An independent programmer called WealthTV was one of them. It hired former FCC official Kathleen Wallman to make the case at the commission, citing WealthTV’s difficulties getting carriage on Time Warner Cable as an example of problems indie programmers face.
Last week, WealthTV went further. It lashed out at Time Warner after network CEO Robert Herring Sr. heard disparaging references to WealthTV during an audio podcast published Dec. 6 on the Web site Engadget.
Engadget is owned by America Online, which is owned by Time Warner, which also controls Time Warner Cable.
WealthTV’s broadside – headlined “BIG BUSINESS AT ITS UGLIEST: Time Warner’s Media Might Punishes Small Family Owned Business After it Speaks Out to the FCC” – came from sheer frustration, Herring and company president Charles Herring say.
The Herrings see the In Demand channel Mojo, which relaunched this year as a male-targeted high-definition service, as “a WealthTV knock-off.” Time Warner Cable owns part of In Demand.
WealthTV said it provided HD on-demand programming for free to Time Warner Cable this year, anticipating a carriage contract for its 24-hour service, but a deal couldn’t be reached, ending WealthTV’s time on Time Warner Cable.
The Engadget commentary – which the site says was not an attempt to aid TWC — was the last straw, the Herrings said.
They said they didn’t want to attack Time Warner. “It would have been nice to stay in the back room and kept quiet and kept negotiating,” Robert said. Added Charles: “We won’t be popular within our own industry — and I say our own industry because we consider ourselves part of it.”
They say it’s time for measures that help independent programmers gain a “level playing field,” adding that independent services like theirs help push TV technology forward.
Time Warner Cable’s response: “We have reached mutually beneficial agreements with hundreds of networks, large and small, over the years. We reach agreements through successful private negotiations, and we are always willing to look at new programming options, if the programming is of value to our customers. With regards to the recent Wealth TV press release, we have been negotiating with them but have no interest in participating in a public negotiation. We’re not going to comment on that release other than to say that it’s inaccurate.”

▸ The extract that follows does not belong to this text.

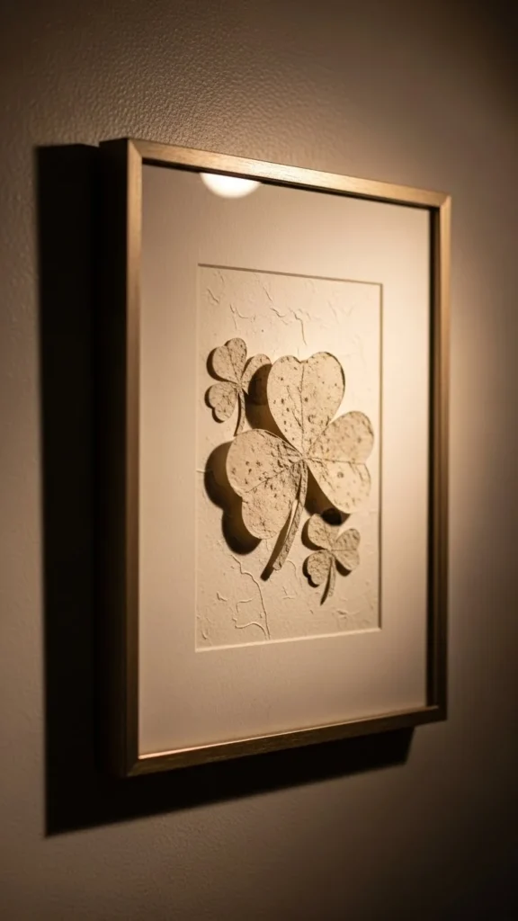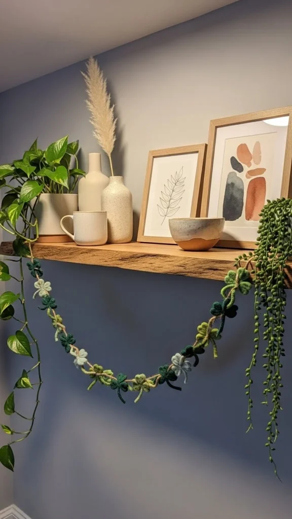 A clover garland adds seasonal charm without filling the room. Use felt, paper, or fabric scraps. Cut simple clover shapes and string them loosely with twine.

While Wealth TV is hoping that its offense will prove to be the best defense, Retirement Living TV president Brad Knight thinks his Baby Boomer-targeted service, backed by retirement-community mogul John Erickson, is better served using carrots not sticks to gain carriage for its 24-hour service.
“You’ve got to be careful when you hit a monopoly with a stick,” Knight said. “So we’re keeping our swords sheathed.”

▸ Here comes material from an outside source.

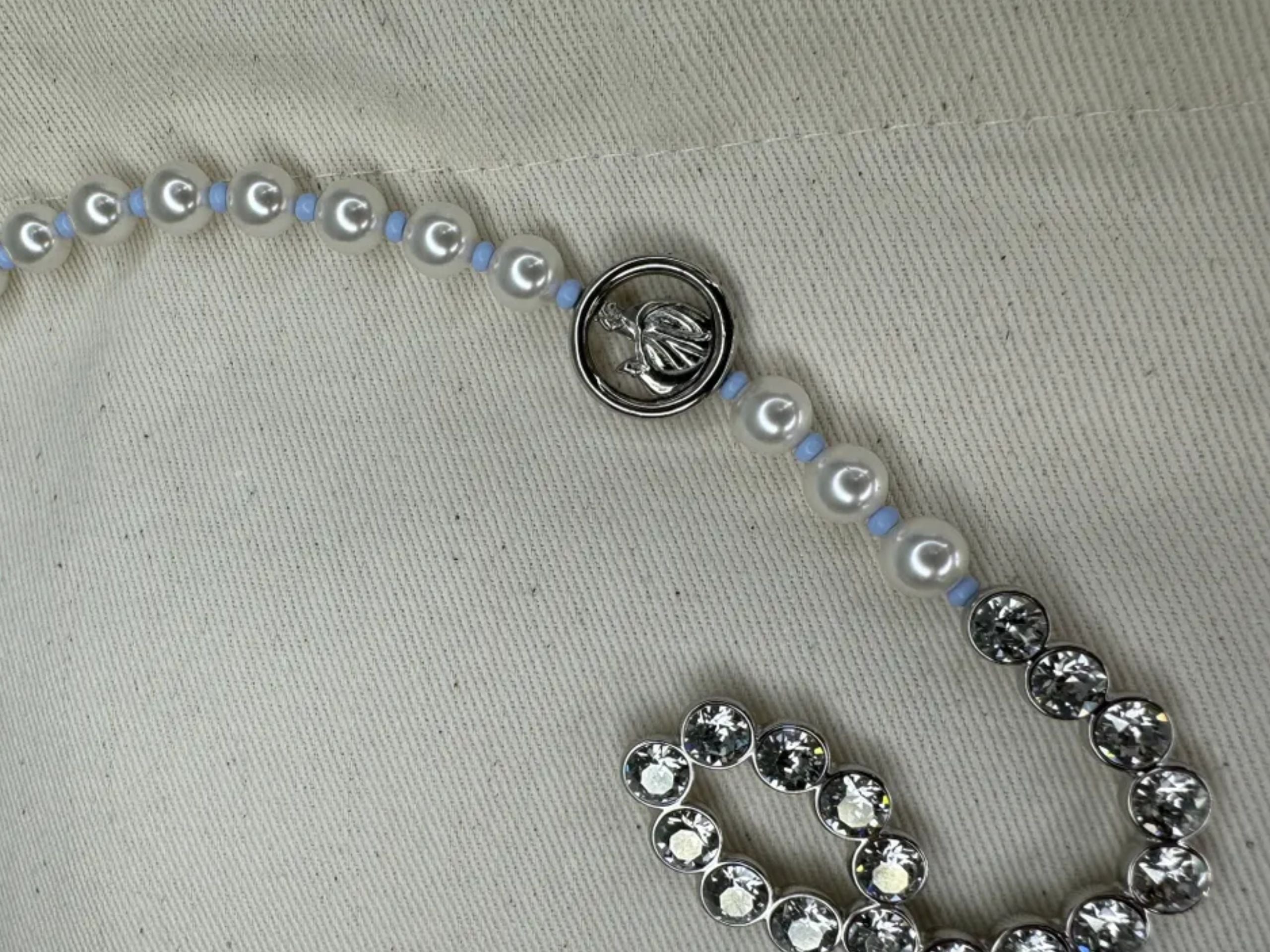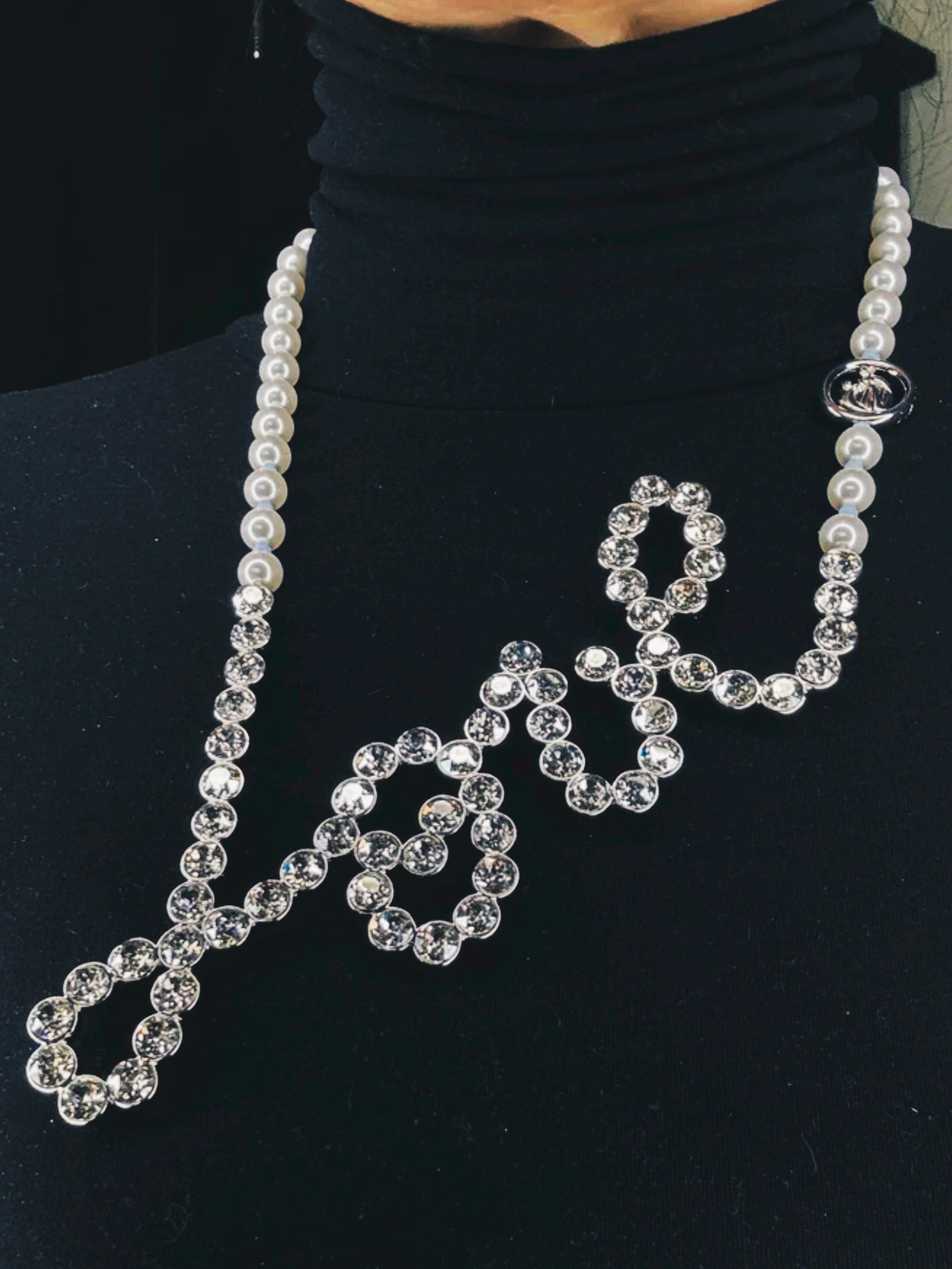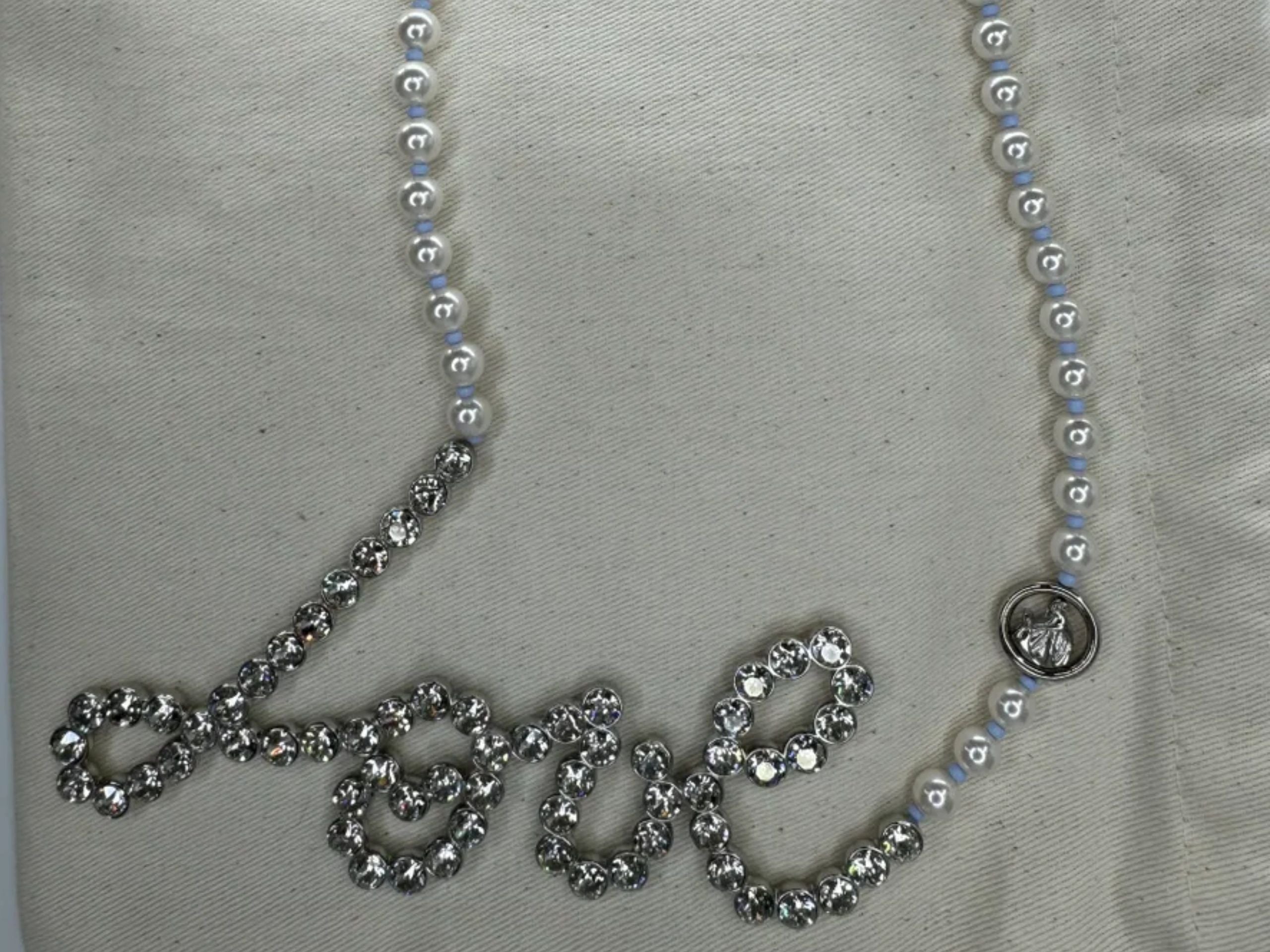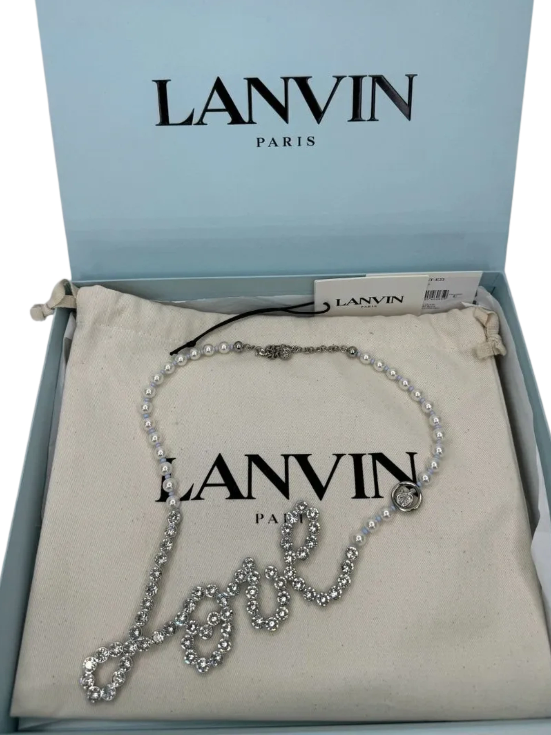 Lanvin "Love" Necklace - Classic Piece from the Lanvin Alber Albaz Era. 100% Brass, Accented with crystals, pearls and pale blue string detail, Adjustable strap, Lanvin Logo at right side. Brand New in Box and original packaging, Excellent Condition.

RLTV has paid for carriage on Comcast’s CN8 network and on DirecTV during the day, demonstrating its seriousness, and is signing deals with small operators, notably Bend Broadband last week.

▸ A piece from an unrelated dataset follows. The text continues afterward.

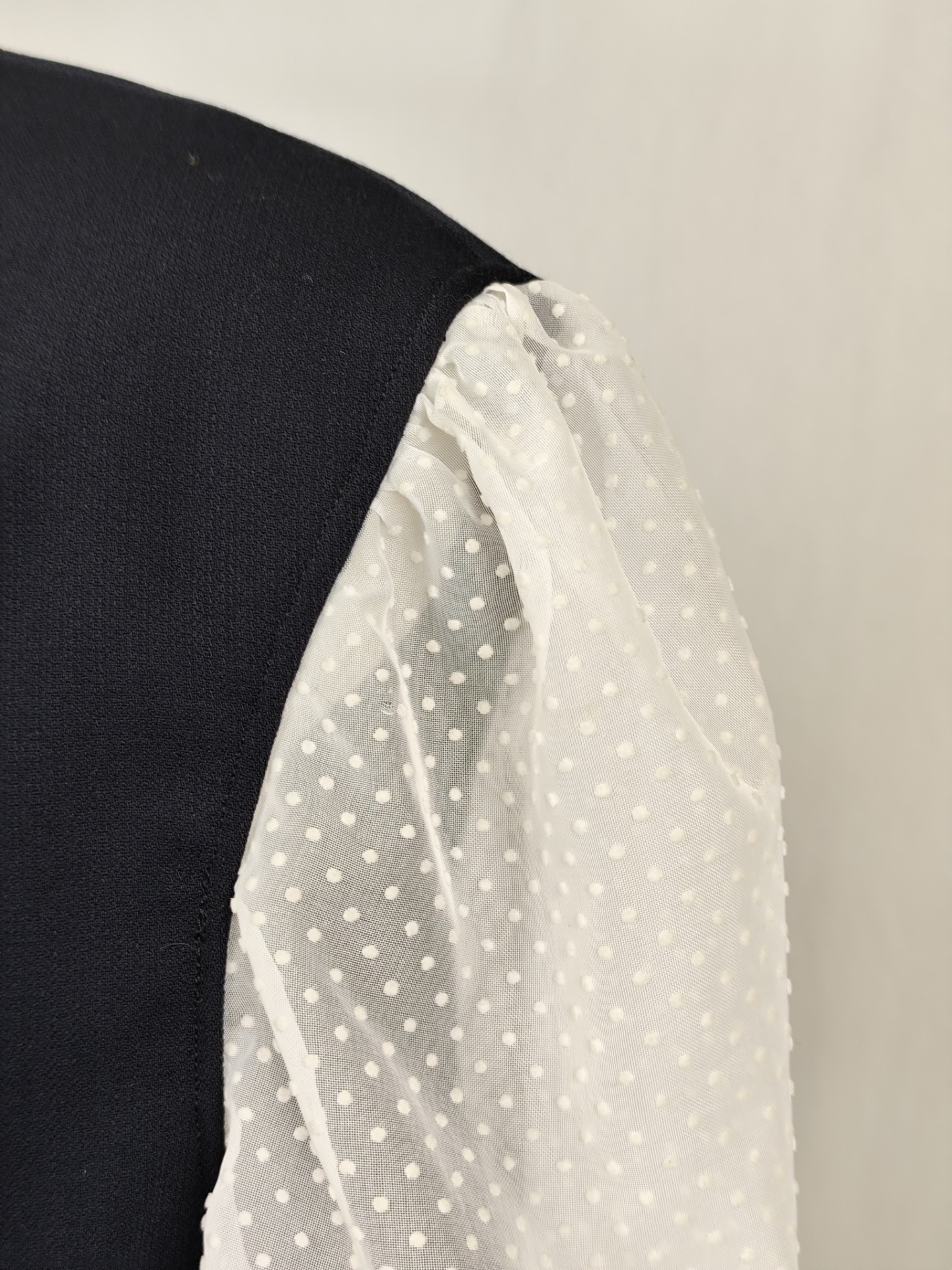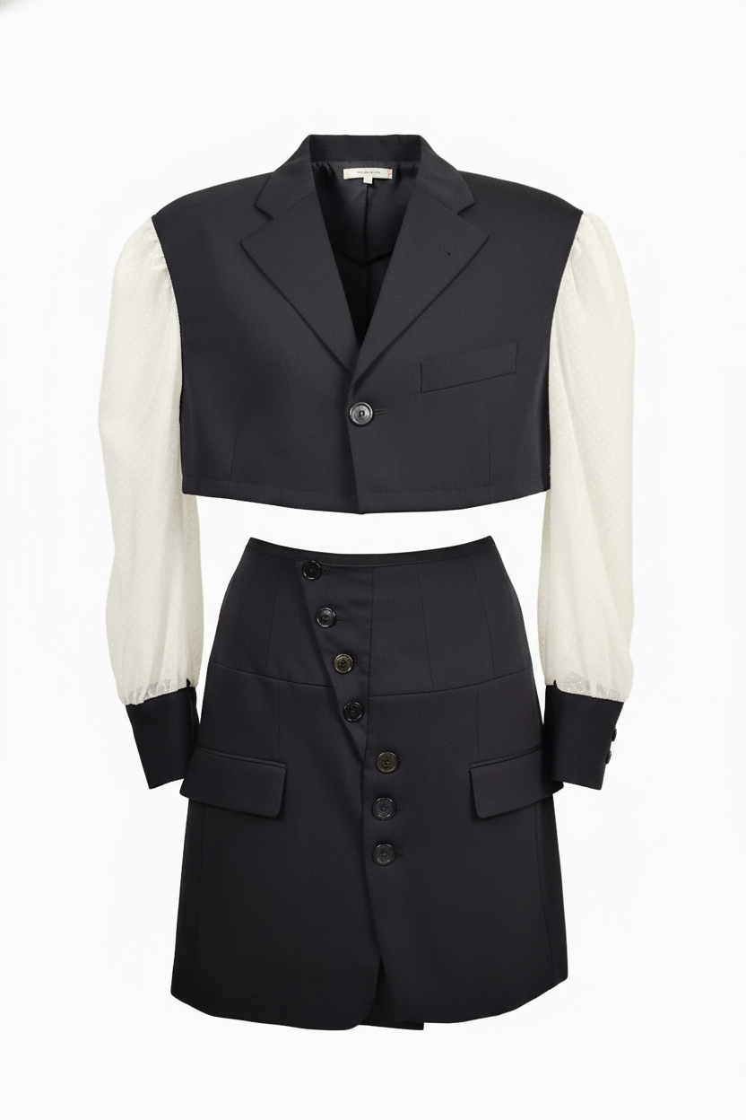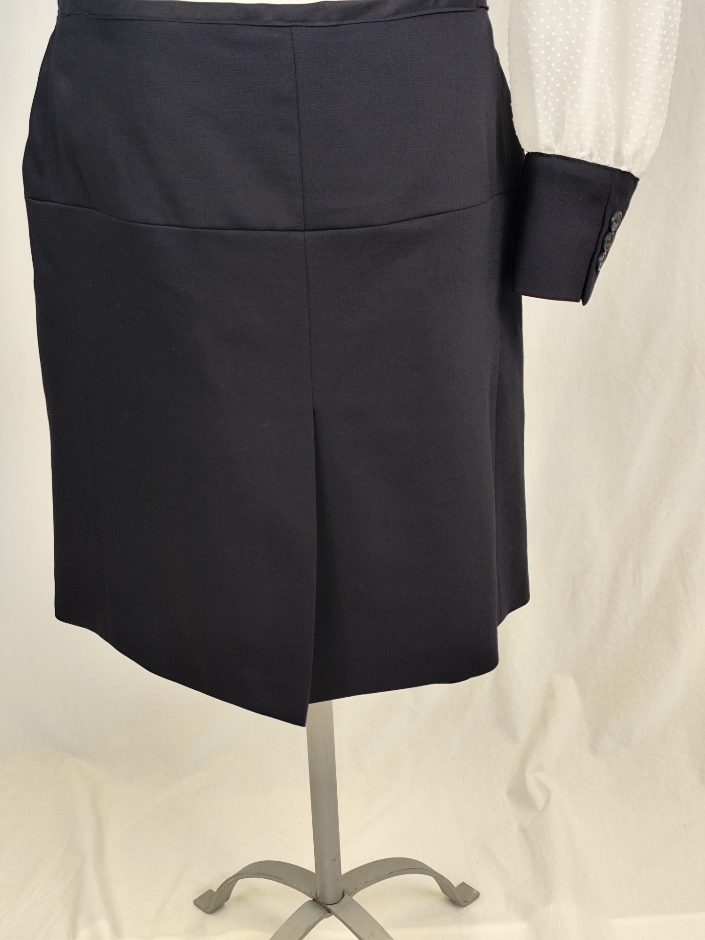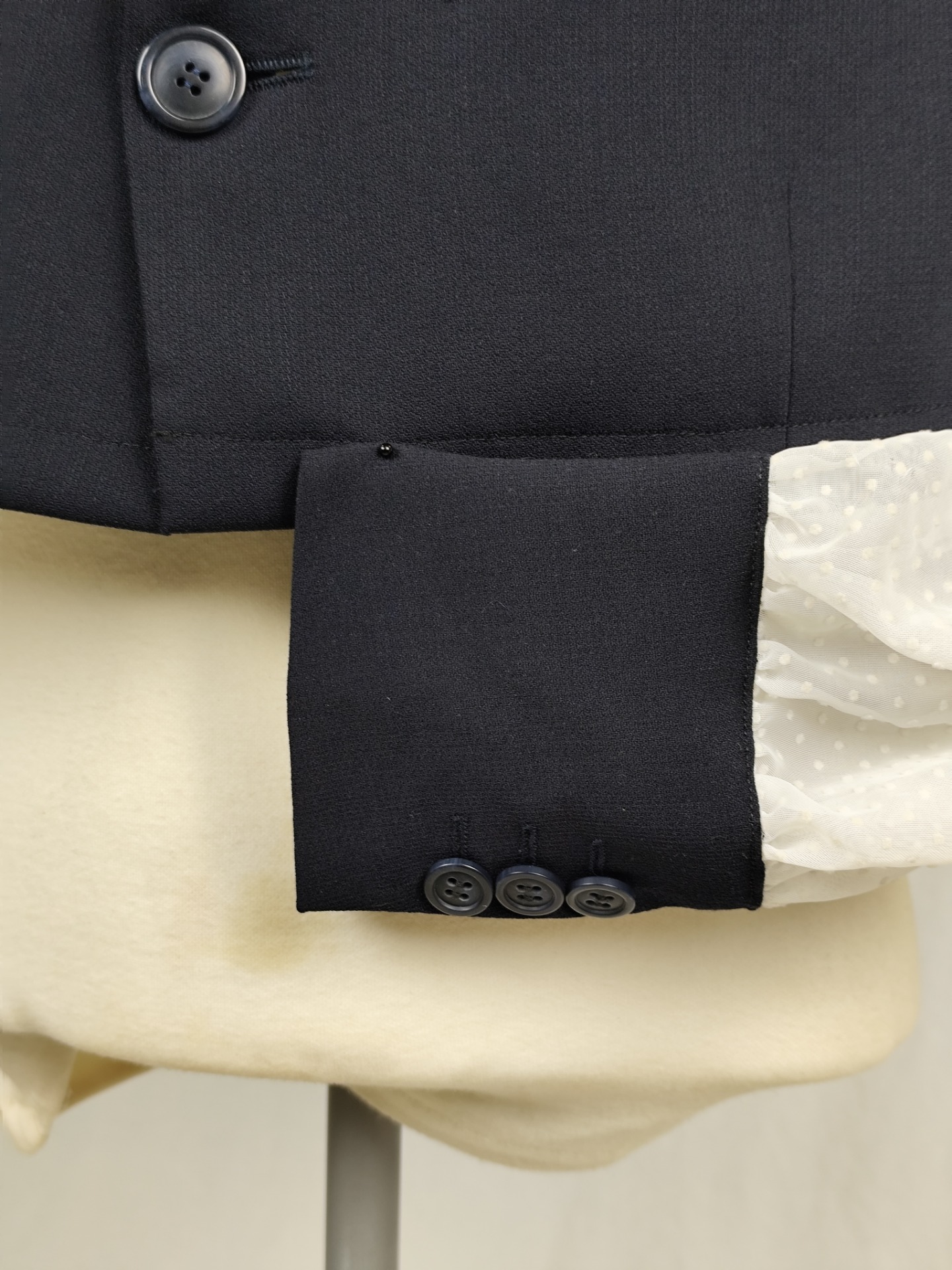Storlek 42Kort jacka med tillhörande kjol tillverkade av en svart kavaj och ett vitt tylltyg.

Knight said RLTV’s business plan assumes it costs about $200 million to establish a new network, and RLTV has spent about $75 million so far, mostly on a programming library. “And there’s launch-support coming because nobody launches you for free. But John [Erickson] plays long ball.”
One carrot RLTV’s offering affiliates are public-service announcements about the coming transition to digital TV. It even recorded one with FCC chairman Kevin Martin.
Different situations, different approaches. A stick worked for The America Channel. Maybe a carrot will work for RLTV.